Java Tutorial - Java Script :
Server-side sockets work similarly to client sockets, with the exception of the accept() method. A server socket listens on a TCP port for a connection from a client; when a client connects to that port, the accept() method accepts a connection from that client. By using both client and server sockets, you can create applications that communicate with each other over the network. create a server socket and bind it to a port, create a new instance of ServerSocket with a port number as an argument to the constructor, as in the following example:
ServerSocket servo = new ServerSocket(8888);
Use the accept() method to listen on that port (and to accept a connection from any clients if one is made):
servo.accept();
After the socket connection is made, you can use input and output streams to read from and write to the client. To extend the behavior of the socket classes—for example, to allow network connections to work across a firewall or a proxy—you can use the abstract class SocketImpl and the interface SocketImplFactory to create a new transport-layer socket implementation. This design fits with the original goal of Java’s socket classes: to allow those classes to be portable to other systems with different transport mechanisms.

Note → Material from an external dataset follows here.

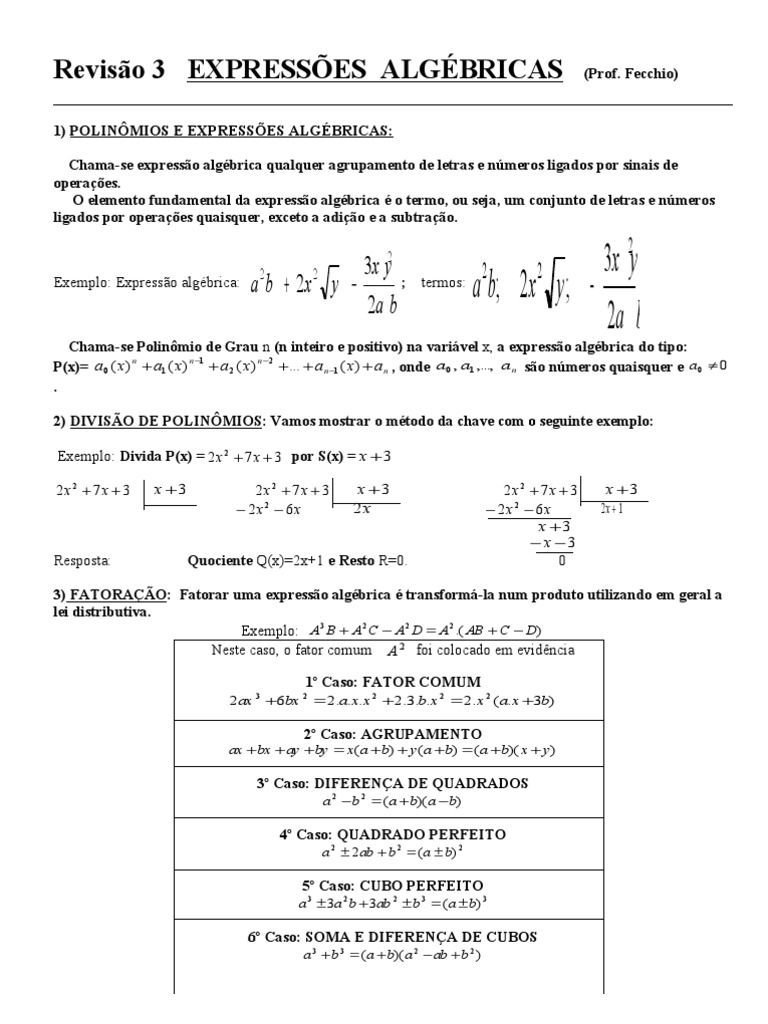 Revisão 3 EXPRESSÕES ALGÉBRICAS (Prof.

The problem with this mechanism is that although it works for simple cases, it prevents you from adding other protocols on top of TCP (for example, to implement an encryption mechanism such as Secure Sockets Layer [SSL]) and from having multiple socket implementations per Java runtime. For these reasons, sockets were extended after Java 1.0, so the Socket and ServerSocket classes are not final and extendable. You can create subclasses of these classes that use either the default socket implementation or your own implementation. This allows much more flexible network capabilities.